Even the one-member judicial probe committee of Justice Joynul Abedin, formed by the then government, pointed at a foreign "enemy" country's involvement in the incident, a ludicrous assertion to say the least. These are only two highly horrifying cases out of many, where the government authorities apparently manipulated the criminal investigations and the judicial probes.
In tune with the usual utterances of their supreme leader after every carnage carried out on the opposition leaders and the secular institutions, the BNP lawmakers in parliament in presence of erstwhile Prime Minister Khaleda Zia blamed AL for perpetrating the grisly attack on its own rally.
Firstly, should the multi-faceted crimes of this magnitude against the independence and objectivity of the criminal investigation system of the state and humanity go unpunished? In his address to the nation on April 12, 2007, the chief adviser (CA) of the CTG, while outlining his government's priorities made a solemn pledge to the nation: "We are making all-out efforts to uphold citizens' rights, rule of law, and justice in all sectors controlled by the state so that the people of Bangladesh can one day say with pride, 'the messages of justice do not cry in seclusion in this country, ' " he said.
It is, therefore, only incumbent upon the current government to investigate, publicly expose, and bring to book the individuals who were responsible for ordering the phony investigations, and detaining, remanding and torturing the innocents, thereby removing any trace of trust on the criminal investigation system.
Secondly, what redress has the state meted out to those innocent people who had to undergo psychological and physical torture at the hands of the state machinery? To draw a parallel, it would be pertinent to cite the landmark story of one Maher Arar, a Syrian born Canadian citizen.
Arar was arrested by US agents at New York's JFK Airport on the basis of inaccurate information provided by Canadian police (RCMP) linking him to terrorists. He was sent to his native Syria, where he was imprisoned and tortured for a year before being released.
The Canadian government formed a one-member judicial commission to assess the actions of Canadian officials in dealing with the deportation and detention of Maher Arar. In its report, the judicial commission disclosed that there was no evidence that Arar was ever linked to extremist groups and found that the FBI and U.S. security officials were given an inaccurate and unfair picture of Arar by the RCMP, and that this portrait dogged his entire time in a Syrian jail.

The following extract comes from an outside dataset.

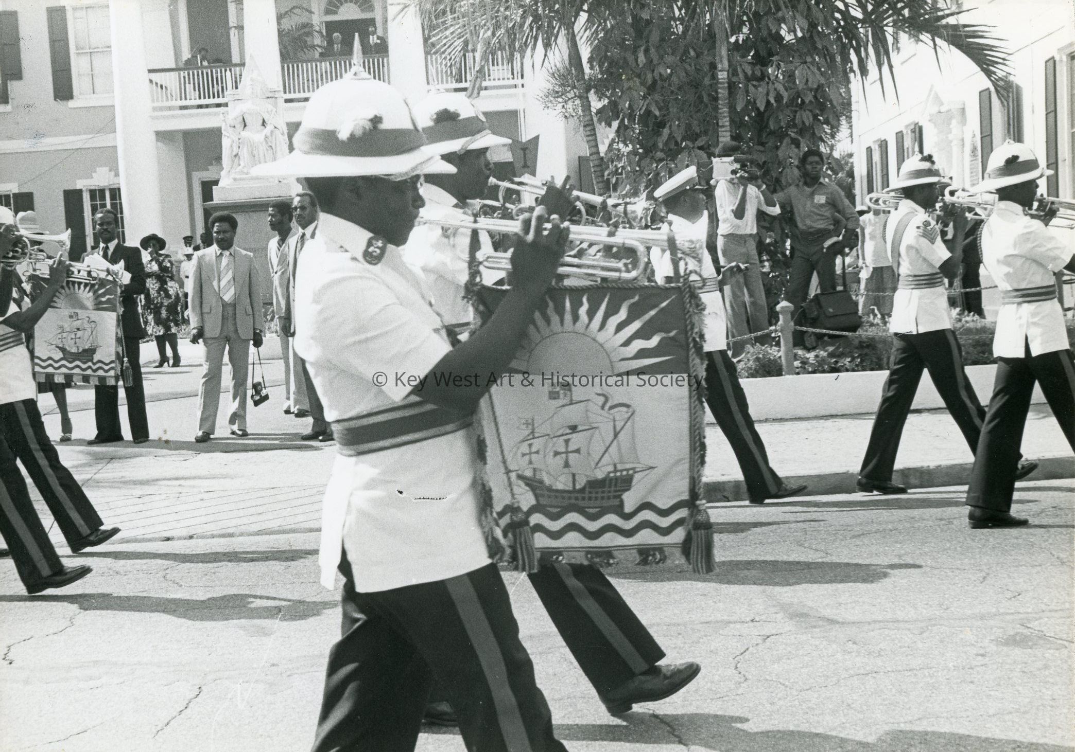 Black and white photograph of a Bahamian marching band passing in front of Parliament Square in Nassau, Bahamas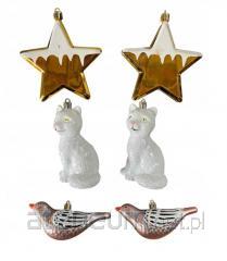Piękne ozdoby choinkowe w zestawie 6 szt. Ozdoby świąteczne dodają klasy i elegancji świątecznym dekoracjom. Niezbędne do ozdabiania choinek, kompozycji i wieńców. Bezpieczne - wykonane z wytrzymałego plastiku, nie stłuką się po upuszczeniu. Zestaw zapakowany w przezroczyste pudełko, co ułatwia przechowywanie. Świetny pomysł na prezent.

Following the publication of the report, the chief of RCMP made a somber apology to Maher Arar and his family and resigned. The Canadian parliament issued a unanimous apology for the detention and torture of Arar. Notwithstanding the fact that his party was not at the helm of state when the incident occurred, the Conservative PM of Canada Stephen Harper issued a formal public apology to Maher Arar and paid him $12.5 million in compensation for his ordeal.
Probably in 1998, the Bangladesh Supreme Court (SC) fined the government Tk.100, 000 compensation for each of the opposition detainees who were detained for a few weeks under the special power act, albeit the defense counsels did not ask for it. The victims, in that case, did not suffer any mental or physical torture either. However, the SC never repeated the practice.
At the dawn of a new beginning, as stated by the CA of the CTG in more than one speech, it would perhaps be in the fitness of things for him to initiate a process of redress for the wrongs done to those who had been detained and tortured at the dictum of those who betrayed the trust vested on them by the citizens of the republic, and absolutely ruptured the fabric of trust in the criminal investigation system.